## What is being asked
Below are the records. Retype, exactly, the lines from the first through the line with "تصویر ۱. پلان", and leave out the pictures.

Material for this exercise section start

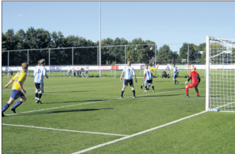
SVM op jacht naar een doelpunt.

de Maartensdijkse gelederen; Jelle de Bree en Sjoerd Burgers hopen binnenkort weer in de selectie te kunnen terugkeren. Aanstaaende zaterdag is in Utrecht het gepromoveerde Utrechtse Voorwaarts de volgende tegenstander.
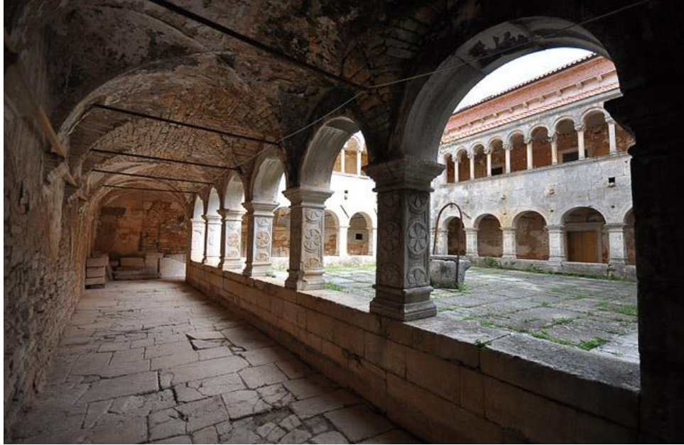
Slika 4. Klaustar samostana u Sv. Petru u Šumi
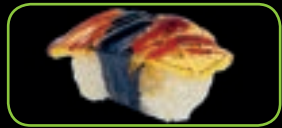
14. Flamed tamago geflambeerde omelet
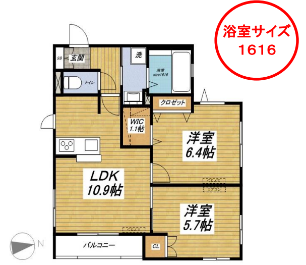
201号室 (55.85m 2 )
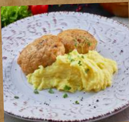
КОТЛЕТЫ КУРИНЫЕ / МЯСНЫЕ С ПЕЧЕНЫМ КАРТОФЕЛЕМ RISOLES: CHICKEN / MEAT / ZANDER WITH BAKED POTATO 鸡排/肉排/派克鲈鱼肉饼
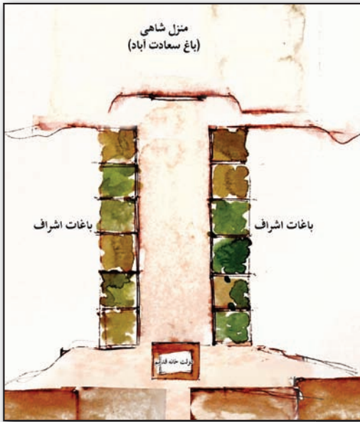
تصویر ۱. پلان محدوده خیابان برگرفته از توصیفات عبدی بیگ و سیاحان خارجی.

صفوی ترسیم کنیم. تصویری که مقایسه آن با فضای خیابان در باغ سعادت آباد که عبدی بیگ در توصیف باغ هم زمان به صورت ویژه به آنها می‌پردازد و همچنین قرار دادن این تصویر بازنمایی شده در کنار تصاویر و تفصیلات از خیابان در باغ ایرانی که قدمتی چند هزار ساله دارد، نتایج قابل توجهی را به دست می‌دهد.
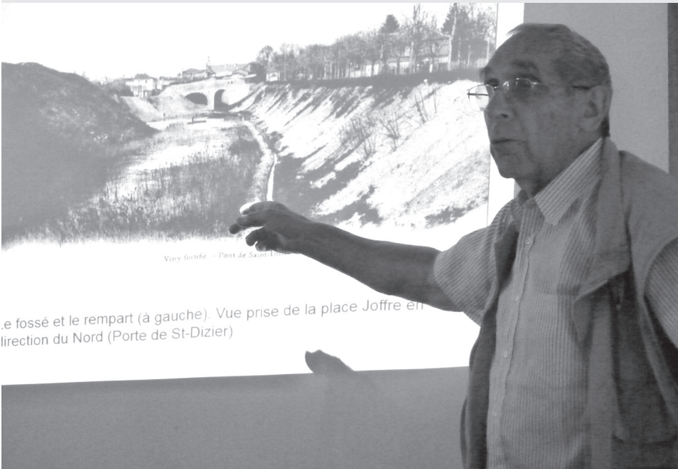
Vitry-le-François au fil du temps par Michel Picard

Association de l'Amicale de la Batellerie - Association Initiales Association Sciences et Arts - Centre Social et Culturel Ecole de la 2 e chance - Ecole Ouverte aux Parents Espace Paul Bert - Orange Bleue Programme de Réussite Educative - Service Lecture Publique - Unis-Cité.
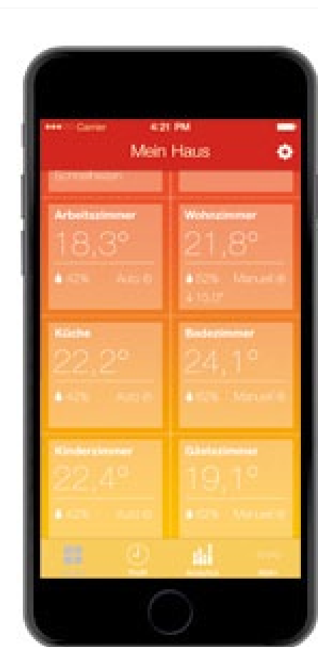
Widok przykładowych pomieszczeń na aplikacji Smart Room Heating
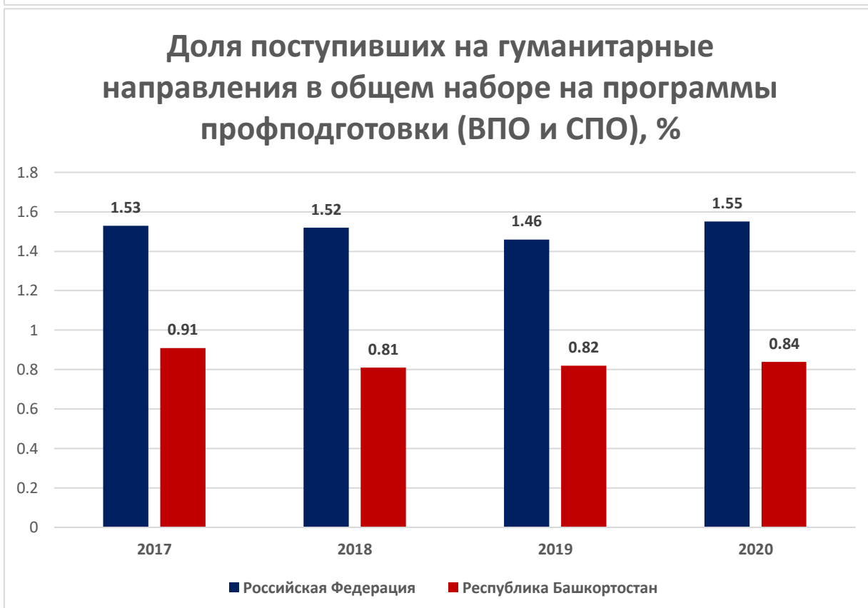
Рис. 3. Удельный вес числа абитуриентов на приоритетные направления подготовки (Робототехника, Искусства) в общем числе принятых на программы ВПО и СПО в Республике Башкортостан в 2017-2020 гг. (%)
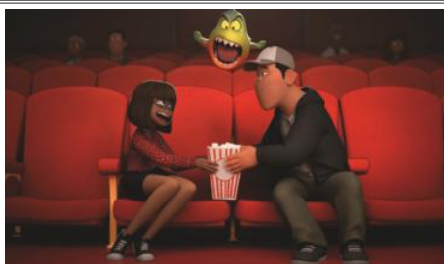
Una scena del film "Tropico cattivi"

LUX Via Matteotti, 21 - 0424/462279 www.cinemaluxasiago.it Sonic 2 - Il film di Jeff Fowler con James Marsden, Ben Schwartz. Animazione 20.45 Bassano del Grappa SALA DA PONTE E MARTINOVICH Piazzale Cadorna, 34/A - 0424/529477 Riposo Camisano Vicentino CINEMA TEATRO LUX Via Marconi, 20 - 0444/411411 www.luxcinema.it Corro da te di Riccardo Milani con Pierfrancesco Favino, Miriam Leone. Commedia 21.00 Dueville BUSNELLI Via Dante, 30 - 0444/040716 - 345/7079215 Lonigo CINECIAM Via C. Battisti, 116 - 0444/831063 www.cinecentrum.it/lonigo/
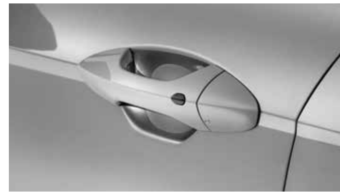
4. Beschermfolie deurehendels
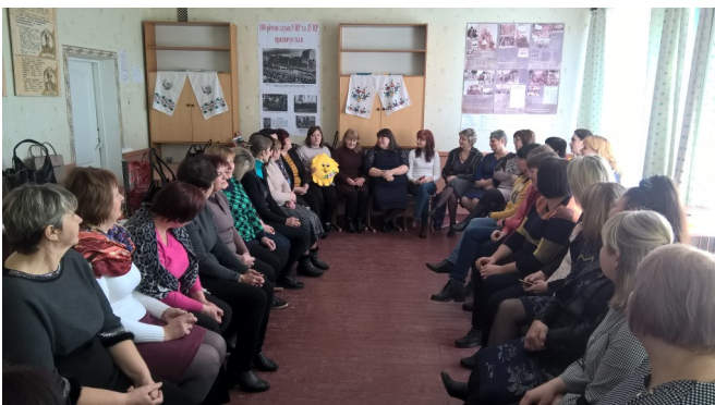
Приєм "Ранкове коло"
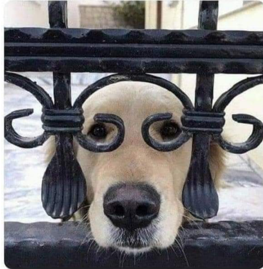
Francisco de Quevedog
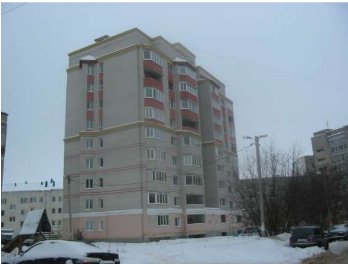
Жилой дом № 5а по ул.Диктора Левитана (заказчик: ООО «Кархарадон»)
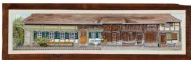
Albert Anker Haus, Acryl auf Holz, 85x26 cm, 2014

Titel der Gemeinschaftsausstellung: Kunst hoch zwei
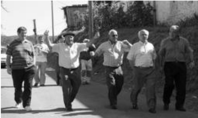
Bedaio. Atzo, meza entzuetik Artubi elkarterako bidea trikitixa doinuekin egin zuten. N. URBIZU
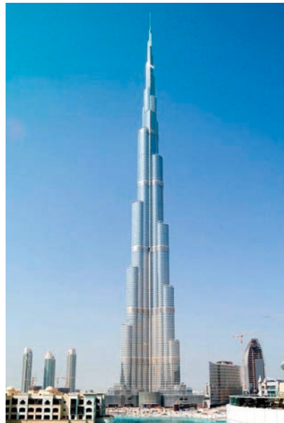
Rys. 6. Najwyższe budynki

a) w Europie w Sankt-Petersburgu „Łachta Centr” 462 m, 2018 rok (strona wiki łachta centr) oraz b) w świecie w Dubaju „Burj Khalifa” 828 m, 2009 rok [26]
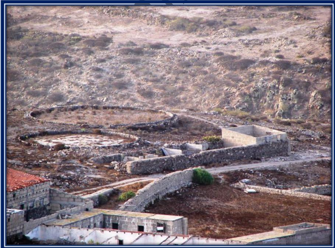
Por las eras pensamos que aparte de los tomates, los cereales tuvieron su importancia
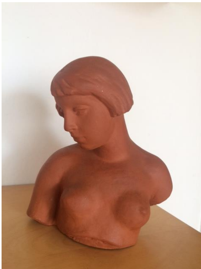
Obrázek 4, Gabriela Poláková - torzo, žákovská práce, 50 cm, 1929, SA rodiny Váchových
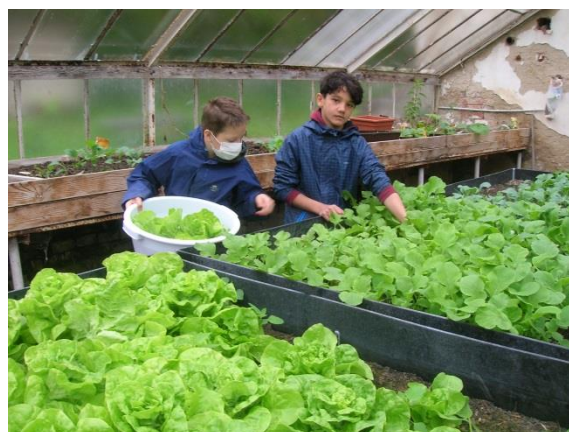
Projekt Zdravá výživa
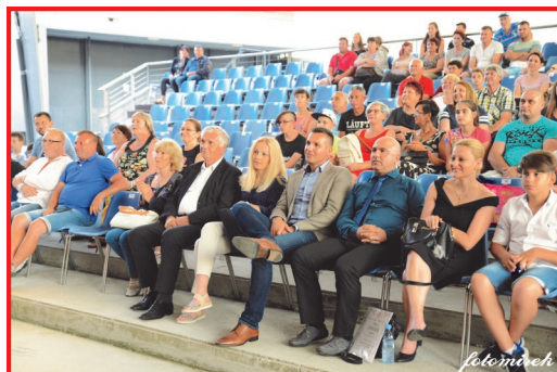
20. Етно фолк

Во 2018 година фолклорната секција беше исто така многу активна. На 17. јуни во Летниот театар Khislstein го организиравме јубилејниот 20. по ред Етно фолк. Фестивалот го изведовме во два дела, дефиле на фолклорните групи низ стариот дел на Крањ и концерт на фолклорните групи на бината во Летниот театар Khislstein. На фестивалот учествуваа МКД Св. Кирил и Методиј од Крањ, МКД
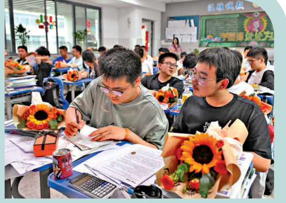
▲近日，在合肥一中瑤海校區，高三年級學生迎來高考前的「最後一課」。
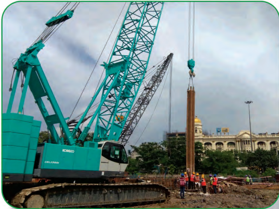
Diaphragm Wall started at Esplanade
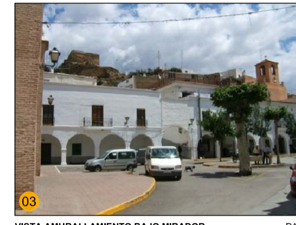
VISTA AMURALLAMIENTO BAJO MIRADOR HASTA TORRE VIGÍA PA

Material for this exercise section end

## Response below
SVM op jacht naar een doelpunt.

de Maartensdijkse gelederen; Jelle de Bree en Sjoerd Burgers hopen binnenkort weer in de selectie te kunnen terugkeren. Aanstaaende zaterdag is in Utrecht het gepromoveerde Utrechtse Voorwaarts de volgende tegenstander.
Slika 4. Klaustar samostana u Sv. Petru u Šumi
14. Flamed tamago geflambeerde omelet
201号室 (55.85m 2 )
КОТЛЕТЫ КУРИНЫЕ / МЯСНЫЕ С ПЕЧЕНЫМ КАРТОФЕЛЕМ RISOLES: CHICKEN / MEAT / ZANDER WITH BAKED POTATO 鸡排/肉排/派克鲈鱼肉饼
تصویر ۱. پلان محدوده خیابان برگرفته از توصیفات عبدی بیگ و سیاحان خارجی.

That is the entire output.